Archaea, you can do so by providing either of these as a value for
--p-domain. While we're at it, let's also provide an older version of GTDB, with the
--p-version option. Note: currently RESCRIPt allows access for the two latest versions of GTDB:
qiime rescript get-gtdb-data \ --p-version '202' \ --p-domain 'Bacteria' \ --o-gtdb-taxonomy gtdb-202-bacteria-tax.qza \ --o-gtdb-sequences gtdb-202-bacteria-seqs.qza
A note on taxonomy information
You may note that there are far more entries within the downloaded taxonomy file compared to the corresponding SSU sequence file. This is becuase the taxonomy file contains information for all of the genome data contained within GTDB. That is, not all of the genome data contains available SSU sequences, either they're not present or not meeting GTDBs quality control standards. Thus, the SSU sequence files are a subset of the available genome / taxonomy data.
There is no need to worry about these extra taxonomy entries.

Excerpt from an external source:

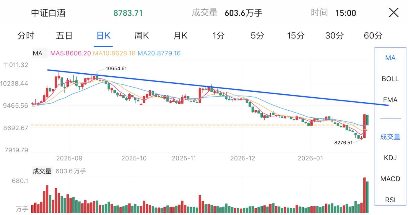 白酒:目前运行在标准的下降楔形通道之中,整体重心不断下移。价格正处于接近前期低点的支撑位。均线仍呈现空头排列且向下发散,对反弹构成层层压力。虽然近期出现了大幅上涨且放量的反弹,但整体下降趋势未改。需持续关注成交量是否能保持活跃以及市场信心的修复,以判断这是否为有效的筑底信号。

However, if you'd like to remove these extra taxonomy entries, you can run the command below to keep only the taxonomy entries that match those within the SSU sequence file. Again, this filtering is not required for downstram taxonomic identification or constructing your classifier, as any excess taxonomy entries will be ignored anyway. Future versions of RESCRPt will likely include options to download genome data too, thereby fully leverageing the available taxonomy, and other information that GTDB has to offer.
qiime rescript filter-taxa \ --i-taxonomy gtdb-207-both-tax.qza \ --m-ids-to-keep-file gtdb-207-both-seqs.qza \ --o-filtered-taxonomy gtdb-207-both-tax-filt.qza \ --verbose
Now you're ready to use GTDB for classifying your reads!